Work instructions: Omitting all images, set down every line below exactly as it appears.

Input data:
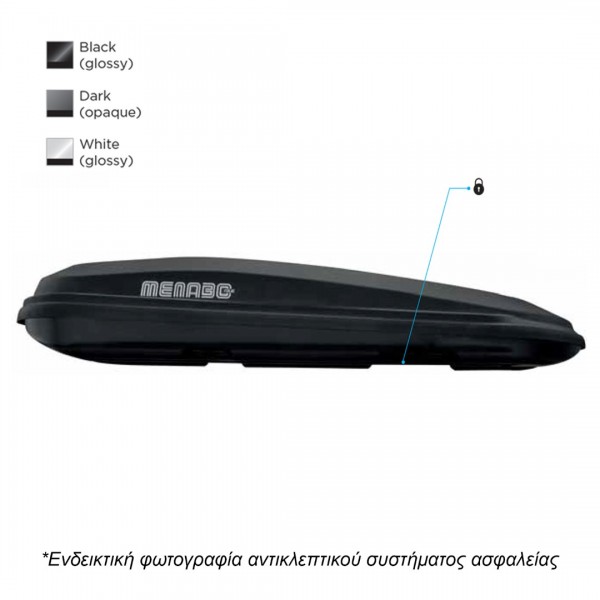 Μπαγκαζιέρα οροφής της σειράς DIAMOND, η οποία αποτελεί τη καλύτερη στη κατηγορία της σε ό,τι αφορά την ασφάλεια μεταφοράς φορτίου, καθώς και την υψηλή ποιότητα υλικών από την εταιρία MENABO, 100% ιταλικής προέλευσης και κατασκευής από πλαστικό σε μαύρο χρώμα με γυαλιστερή υφή και χωρητικότητα φορτίου 450 lt, ιδανική για τη δημιουργία επιπρόσθετου αποθηκευτικού χώρου κατά τη διάρκεια ταξιδιού ή και για μεταφορές εντός πόλης.
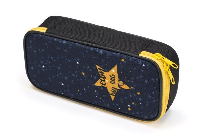 Školní pouzdra nebo takzvané etue jsou ideálním doplňkem pro větší školáky a studenty. Uvnitř pouzdra je větší komora pro uložení tužek a školních potřeb. Vnitřní klopa penálu má na každé straně 5 pevných gumiček. Na vnitřní straně víka je praktická kapsa na zip, na které jsou další 2 malé kapsičky pro uložení drobností.
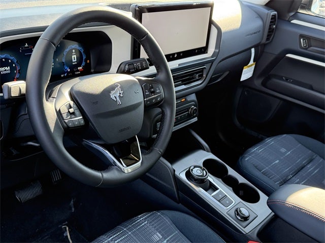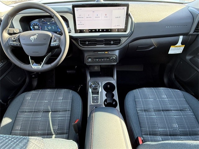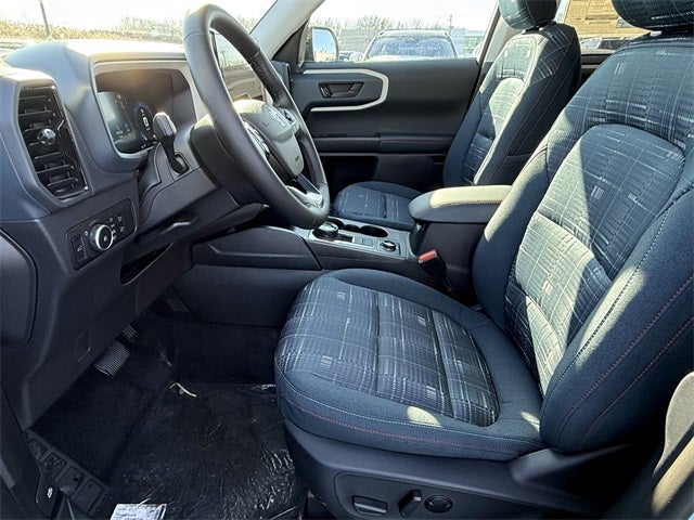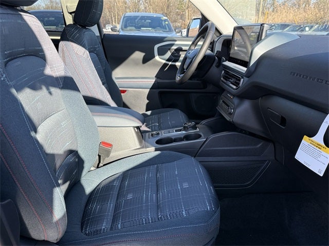 Robins Egg Blue 2025 Ford Bronco Sport Heritage 4WD 8-Speed Automatic 1.5L EcoBoost 4-Wheel Disc Brakes, 6 Speakers, ABS brakes, Air Conditioning, Alloy wheels, AM/FM radio: SiriusXM, AM/FM Stereo, Auto High-beam Headlights, Automatic temperature control, Brake assist, Cargo Mat, Compass, Convenience Package, Delay-off headlights, Driver door bin, Driver vanity mirror, Dual front impact airbags, Dual front side impact airbags, Electronic Stability Control, Emergency communication system: SYNC 4 911 Assist, Four wheel independent suspension, Front & Rear Floor Liners w/o Carpet Mats, Front anti-roll bar, Front Bucket Seats, Front Center Armrest, Front Driver/Passenger Seat Back Map Pockets, Front reading lights, Fully automatic headlights, Heated 8-Way Power Driver's Seat, Heated door mirrors, Illuminated entry, Knee airbag, LED Fog Lamps, Low tire pressure warning, Occupant sensing airbag, Outside temperature display, Overhead airbag, Overhead console, Panic alarm, Passenger door bin, Passenger vanity mirror, Plaid Cloth Front Bucket Seats, Power door mirrors, Power Moonroof, Power steering, Power windows, Premium Wrapped Steering Wheel, Radio data system, Rear anti-roll bar, Rear Parking Sensors, Rear reading lights, Rear seat center armrest, Rear window defroster, Rear window wiper, Remote keyless entry, Security system, SiriusXM, Speed control, Speed-sensing steering, Speed-Sensitive Wipers, Split folding rear seat, Steering wheel mounted audio controls, SYNC 4 w/Enhanced Voice Recognition, Tachometer, Telescoping steering wheel, Tilt steering wheel, Traction control, Trip computer, Universal Garage Door Opener (UGDO), Variably intermittent wipers, Wheels: 17 Oxford White-Painted Aluminum.

Your solution:
 Μπαγκαζιέρα οροφής της σειράς DIAMOND, η οποία αποτελεί τη καλύτερη στη κατηγορία της σε ό,τι αφορά την ασφάλεια μεταφοράς φορτίου, καθώς και την υψηλή ποιότητα υλικών από την εταιρία MENABO, 100% ιταλικής προέλευσης και κατασκευής από πλαστικό σε μαύρο χρώμα με γυαλιστερή υφή και χωρητικότητα φορτίου 450 lt, ιδανική για τη δημιουργία επιπρόσθετου αποθηκευτικού χώρου κατά τη διάρκεια ταξιδιού ή και για μεταφορές εντός πόλης.
 Školní pouzdra nebo takzvané etue jsou ideálním doplňkem pro větší školáky a studenty. Uvnitř pouzdra je větší komora pro uložení tužek a školních potřeb. Vnitřní klopa penálu má na každé straně 5 pevných gumiček. Na vnitřní straně víka je praktická kapsa na zip, na které jsou další 2 malé kapsičky pro uložení drobností.
 Robins Egg Blue 2025 Ford Bronco Sport Heritage 4WD 8-Speed Automatic 1.5L EcoBoost 4-Wheel Disc Brakes, 6 Speakers, ABS brakes, Air Conditioning, Alloy wheels, AM/FM radio: SiriusXM, AM/FM Stereo, Auto High-beam Headlights, Automatic temperature control, Brake assist, Cargo Mat, Compass, Convenience Package, Delay-off headlights, Driver door bin, Driver vanity mirror, Dual front impact airbags, Dual front side impact airbags, Electronic Stability Control, Emergency communication system: SYNC 4 911 Assist, Four wheel independent suspension, Front & Rear Floor Liners w/o Carpet Mats, Front anti-roll bar, Front Bucket Seats, Front Center Armrest, Front Driver/Passenger Seat Back Map Pockets, Front reading lights, Fully automatic headlights, Heated 8-Way Power Driver's Seat, Heated door mirrors, Illuminated entry, Knee airbag, LED Fog Lamps, Low tire pressure warning, Occupant sensing airbag, Outside temperature display, Overhead airbag, Overhead console, Panic alarm, Passenger door bin, Passenger vanity mirror, Plaid Cloth Front Bucket Seats, Power door mirrors, Power Moonroof, Power steering, Power windows, Premium Wrapped Steering Wheel, Radio data system, Rear anti-roll bar, Rear Parking Sensors, Rear reading lights, Rear seat center armrest, Rear window defroster, Rear window wiper, Remote keyless entry, Security system, SiriusXM, Speed control, Speed-sensing steering, Speed-Sensitive Wipers, Split folding rear seat, Steering wheel mounted audio controls, SYNC 4 w/Enhanced Voice Recognition, Tachometer, Telescoping steering wheel, Tilt steering wheel, Traction control, Trip computer, Universal Garage Door Opener (UGDO), Variably intermittent wipers, Wheels: 17 Oxford White-Painted Aluminum.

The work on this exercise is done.